Key counterpoint: technology and democracy can be natural allies.
- “In this book we hope to show that this tragic conflict is avoidable, that properly conceived technology and democracy can be powerful and natural allies”
- This counterpoint relies on the key analytical point (rightly attributed to STS thinkers) that the direction of technological development is not inevitable. That there are many potential pathways which can have many possible effects on the social and democratic order.
- They reference various future technological visions, which I would think of basically as “sociotechnical imaginaries”.
- The main ones they higlight are “Abundance Technocracy” and “Entrepreneurial Sovereignty”
The goal of the book, then, is to flesh out a different imaginary – “Digital Democracy” wherein technology and democracy are mutually supportive.
Other takeaways for me on this section are that I should definitely read the new Acemoglu book and more deeply in his technology research agenda in general.
From the STS side, I think there are clear resonances with someone Yaron Ezrahi in addition to the Jasanoff work noted above. I need to re-read this and dive into it more deeply.

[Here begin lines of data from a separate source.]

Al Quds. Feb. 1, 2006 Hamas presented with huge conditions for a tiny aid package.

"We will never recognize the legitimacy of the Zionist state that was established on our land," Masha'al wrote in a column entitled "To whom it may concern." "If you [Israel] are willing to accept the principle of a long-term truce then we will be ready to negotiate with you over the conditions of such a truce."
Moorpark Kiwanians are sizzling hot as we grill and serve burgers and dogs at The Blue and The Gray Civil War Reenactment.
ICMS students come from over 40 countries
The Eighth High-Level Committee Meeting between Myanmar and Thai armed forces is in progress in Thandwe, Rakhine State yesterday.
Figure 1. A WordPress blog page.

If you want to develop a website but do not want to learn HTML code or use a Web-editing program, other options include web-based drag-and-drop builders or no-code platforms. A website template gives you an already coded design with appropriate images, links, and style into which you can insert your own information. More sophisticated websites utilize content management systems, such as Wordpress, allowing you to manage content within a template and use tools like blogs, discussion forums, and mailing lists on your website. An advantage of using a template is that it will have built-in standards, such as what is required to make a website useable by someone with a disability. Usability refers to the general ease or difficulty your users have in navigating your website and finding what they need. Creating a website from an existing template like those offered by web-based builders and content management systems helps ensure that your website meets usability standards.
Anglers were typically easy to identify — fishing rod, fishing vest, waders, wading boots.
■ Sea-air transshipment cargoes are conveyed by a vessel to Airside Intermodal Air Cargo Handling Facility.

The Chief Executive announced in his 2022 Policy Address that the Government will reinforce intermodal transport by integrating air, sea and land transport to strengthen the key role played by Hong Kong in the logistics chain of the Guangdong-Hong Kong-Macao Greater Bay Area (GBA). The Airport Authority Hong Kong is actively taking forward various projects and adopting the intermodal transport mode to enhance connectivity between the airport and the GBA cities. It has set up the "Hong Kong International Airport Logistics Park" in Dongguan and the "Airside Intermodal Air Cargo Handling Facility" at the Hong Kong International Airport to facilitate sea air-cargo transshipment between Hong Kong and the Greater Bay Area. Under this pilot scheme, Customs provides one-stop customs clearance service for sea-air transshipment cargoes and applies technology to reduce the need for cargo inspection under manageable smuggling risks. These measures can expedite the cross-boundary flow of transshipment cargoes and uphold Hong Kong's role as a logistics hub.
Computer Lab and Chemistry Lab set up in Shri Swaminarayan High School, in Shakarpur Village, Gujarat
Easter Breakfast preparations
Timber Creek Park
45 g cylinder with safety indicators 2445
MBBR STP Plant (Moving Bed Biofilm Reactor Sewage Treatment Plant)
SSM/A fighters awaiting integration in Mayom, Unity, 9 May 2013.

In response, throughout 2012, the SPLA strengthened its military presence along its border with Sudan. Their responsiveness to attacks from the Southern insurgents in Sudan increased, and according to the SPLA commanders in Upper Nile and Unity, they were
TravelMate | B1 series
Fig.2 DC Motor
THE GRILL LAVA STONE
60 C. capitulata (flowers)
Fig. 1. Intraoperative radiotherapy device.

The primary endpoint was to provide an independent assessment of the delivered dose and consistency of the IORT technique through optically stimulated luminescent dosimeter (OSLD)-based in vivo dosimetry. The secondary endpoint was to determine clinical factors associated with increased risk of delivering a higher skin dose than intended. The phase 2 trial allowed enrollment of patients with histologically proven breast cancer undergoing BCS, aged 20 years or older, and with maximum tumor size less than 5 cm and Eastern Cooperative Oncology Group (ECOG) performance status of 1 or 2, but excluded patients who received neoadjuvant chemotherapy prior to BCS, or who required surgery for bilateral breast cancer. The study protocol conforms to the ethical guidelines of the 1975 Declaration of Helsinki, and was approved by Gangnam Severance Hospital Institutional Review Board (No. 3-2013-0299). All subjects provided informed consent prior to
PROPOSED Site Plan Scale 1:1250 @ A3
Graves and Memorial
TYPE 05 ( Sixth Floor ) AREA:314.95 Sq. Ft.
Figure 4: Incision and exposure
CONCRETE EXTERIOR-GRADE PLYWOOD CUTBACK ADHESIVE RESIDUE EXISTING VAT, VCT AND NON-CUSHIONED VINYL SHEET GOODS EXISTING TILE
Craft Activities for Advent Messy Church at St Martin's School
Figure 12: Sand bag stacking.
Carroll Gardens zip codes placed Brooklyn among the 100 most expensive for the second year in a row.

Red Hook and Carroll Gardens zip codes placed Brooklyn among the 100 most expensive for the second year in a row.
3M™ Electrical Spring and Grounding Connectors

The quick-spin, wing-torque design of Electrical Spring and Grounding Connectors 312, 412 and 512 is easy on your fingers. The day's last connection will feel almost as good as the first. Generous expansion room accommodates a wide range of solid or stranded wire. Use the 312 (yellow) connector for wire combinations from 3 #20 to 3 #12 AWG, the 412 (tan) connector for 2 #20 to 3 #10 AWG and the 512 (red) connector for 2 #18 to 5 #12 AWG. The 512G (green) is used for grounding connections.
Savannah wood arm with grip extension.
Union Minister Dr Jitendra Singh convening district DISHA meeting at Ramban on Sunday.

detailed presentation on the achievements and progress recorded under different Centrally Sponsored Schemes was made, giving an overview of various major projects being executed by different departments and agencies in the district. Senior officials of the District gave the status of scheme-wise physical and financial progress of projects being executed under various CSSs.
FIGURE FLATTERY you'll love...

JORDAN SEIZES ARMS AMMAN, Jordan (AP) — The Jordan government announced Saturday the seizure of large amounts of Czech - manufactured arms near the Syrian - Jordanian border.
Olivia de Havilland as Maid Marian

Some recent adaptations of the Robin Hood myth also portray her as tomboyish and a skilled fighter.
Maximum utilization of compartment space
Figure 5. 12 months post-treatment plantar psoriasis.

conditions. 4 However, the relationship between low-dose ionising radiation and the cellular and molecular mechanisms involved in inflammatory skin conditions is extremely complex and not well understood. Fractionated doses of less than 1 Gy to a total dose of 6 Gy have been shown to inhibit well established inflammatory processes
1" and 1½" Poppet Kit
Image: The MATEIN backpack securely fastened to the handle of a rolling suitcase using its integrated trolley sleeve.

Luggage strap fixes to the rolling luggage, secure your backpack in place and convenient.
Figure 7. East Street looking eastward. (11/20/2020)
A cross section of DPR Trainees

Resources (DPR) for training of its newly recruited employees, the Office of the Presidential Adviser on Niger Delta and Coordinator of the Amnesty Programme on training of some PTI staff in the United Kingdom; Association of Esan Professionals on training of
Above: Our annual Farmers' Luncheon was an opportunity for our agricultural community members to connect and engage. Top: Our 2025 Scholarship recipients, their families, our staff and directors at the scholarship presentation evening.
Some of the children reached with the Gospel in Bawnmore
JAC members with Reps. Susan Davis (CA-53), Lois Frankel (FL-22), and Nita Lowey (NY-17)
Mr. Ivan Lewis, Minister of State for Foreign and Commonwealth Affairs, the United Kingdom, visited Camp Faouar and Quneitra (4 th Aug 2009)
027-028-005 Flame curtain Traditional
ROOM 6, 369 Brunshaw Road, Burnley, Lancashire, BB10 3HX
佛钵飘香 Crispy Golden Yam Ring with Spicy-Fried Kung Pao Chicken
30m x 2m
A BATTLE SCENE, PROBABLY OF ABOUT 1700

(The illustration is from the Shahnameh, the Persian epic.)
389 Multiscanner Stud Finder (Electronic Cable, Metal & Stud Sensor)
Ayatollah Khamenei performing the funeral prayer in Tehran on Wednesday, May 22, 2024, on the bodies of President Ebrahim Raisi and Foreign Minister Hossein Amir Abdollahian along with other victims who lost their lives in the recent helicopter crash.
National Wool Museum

In general, one of the things on display in this chapter that excites me about the plurality research agenda is the way it manages to borrow from various fields that I am interested in in exactly the pieces that I think are most appropriate. In other words, if plurality is a venn diagram that includes economics, STS, web3 among other fields, the parts of these various fields that I find most compelling are exactly those that seem to overlap in the venn diagram with Plurality.
- For example, I think there are some interesting things happening in the blockchain space (e.g. experiments in new modes of digital governance), but there is also a lot of junk especially related to over-financialization in the space; the plurality agenda seems to carve out exactly the right boundary here.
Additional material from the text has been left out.